- [Exercise instructions]: Restate word for word the lines of the records below, starting at the line that contains "Large outdoor terrace" and ending at the line that contains "6、勾选自己要恢复的文件或文", with both of those lines included and nothing else.

- [Data excerpts]:
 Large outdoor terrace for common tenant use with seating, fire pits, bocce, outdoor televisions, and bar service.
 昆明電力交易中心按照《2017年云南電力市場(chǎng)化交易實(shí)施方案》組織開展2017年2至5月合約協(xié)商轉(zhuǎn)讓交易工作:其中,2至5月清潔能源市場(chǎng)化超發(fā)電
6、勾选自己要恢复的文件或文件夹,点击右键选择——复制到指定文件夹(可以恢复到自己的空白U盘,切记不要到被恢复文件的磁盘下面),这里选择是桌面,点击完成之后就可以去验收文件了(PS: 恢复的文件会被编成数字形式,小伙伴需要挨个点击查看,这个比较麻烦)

---

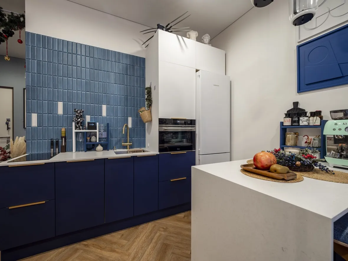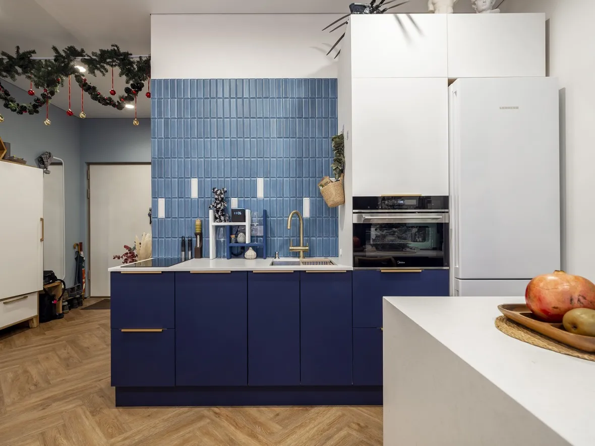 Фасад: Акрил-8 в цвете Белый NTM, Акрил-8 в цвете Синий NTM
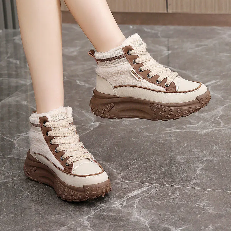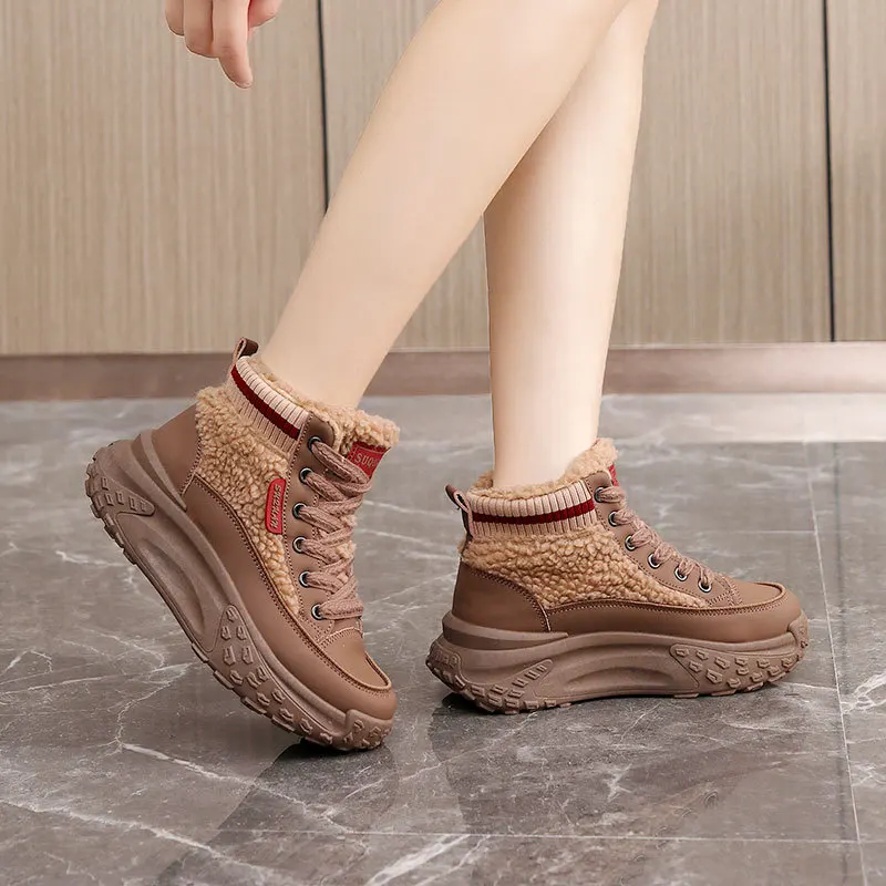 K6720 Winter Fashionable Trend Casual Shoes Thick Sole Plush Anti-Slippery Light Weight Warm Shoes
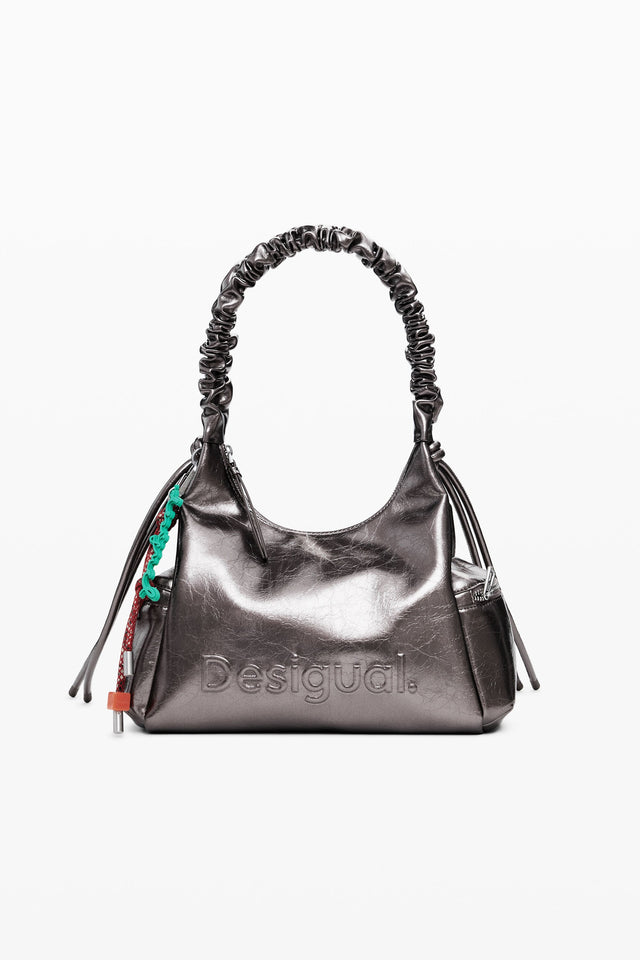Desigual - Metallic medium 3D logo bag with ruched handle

--

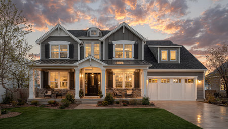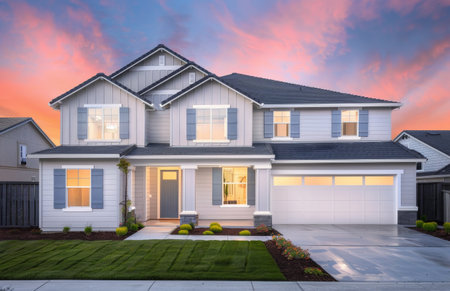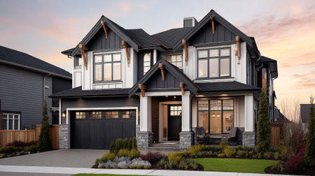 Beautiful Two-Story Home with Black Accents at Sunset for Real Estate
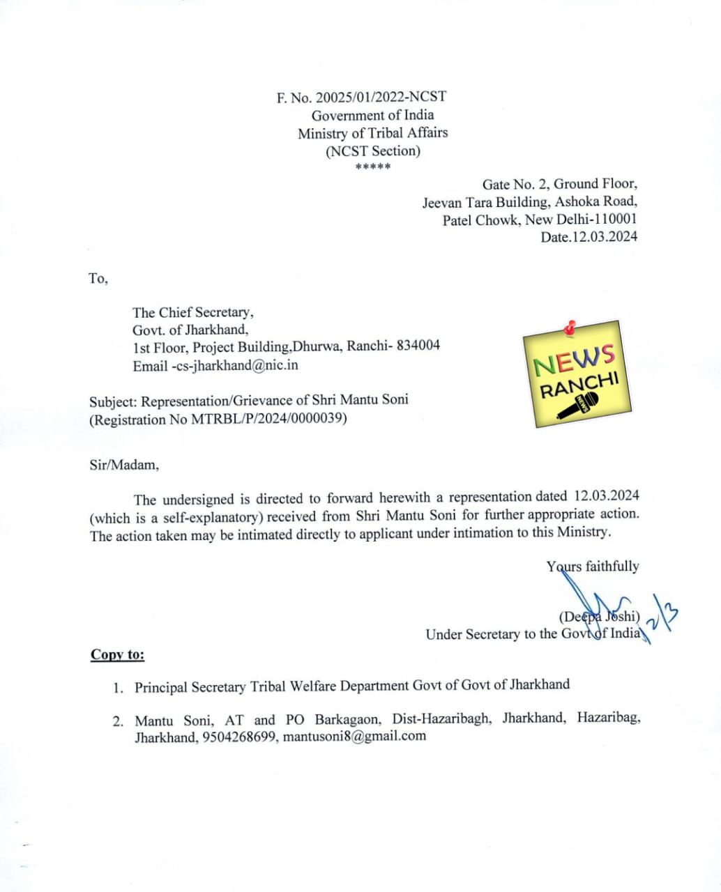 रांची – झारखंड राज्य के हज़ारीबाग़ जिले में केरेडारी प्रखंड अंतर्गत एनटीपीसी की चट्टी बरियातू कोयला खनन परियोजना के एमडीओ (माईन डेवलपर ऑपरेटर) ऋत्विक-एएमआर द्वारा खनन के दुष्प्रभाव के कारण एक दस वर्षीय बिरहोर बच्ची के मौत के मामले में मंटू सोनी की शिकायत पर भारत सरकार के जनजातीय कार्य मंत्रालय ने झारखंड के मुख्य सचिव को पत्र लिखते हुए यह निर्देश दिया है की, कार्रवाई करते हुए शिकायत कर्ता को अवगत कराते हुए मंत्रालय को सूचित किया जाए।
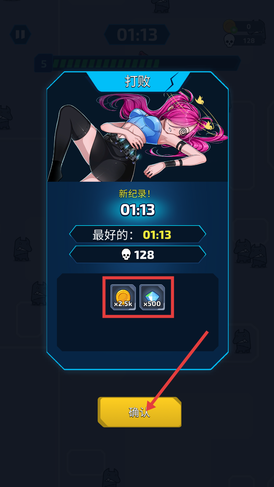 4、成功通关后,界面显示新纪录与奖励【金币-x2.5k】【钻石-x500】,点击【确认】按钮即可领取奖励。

- [Your response]:
 Large outdoor terrace for common tenant use with seating, fire pits, bocce, outdoor televisions, and bar service.
 昆明電力交易中心按照《2017年云南電力市場(chǎng)化交易實(shí)施方案》組織開展2017年2至5月合約協(xié)商轉(zhuǎn)讓交易工作:其中,2至5月清潔能源市場(chǎng)化超發(fā)電
6、勾选自己要恢复的文件或文件夹,点击右键选择——复制到指定文件夹(可以恢复到自己的空白U盘,切记不要到被恢复文件的磁盘下面),这里选择是桌面,点击完成之后就可以去验收文件了(PS: 恢复的文件会被编成数字形式,小伙伴需要挨个点击查看,这个比较麻烦)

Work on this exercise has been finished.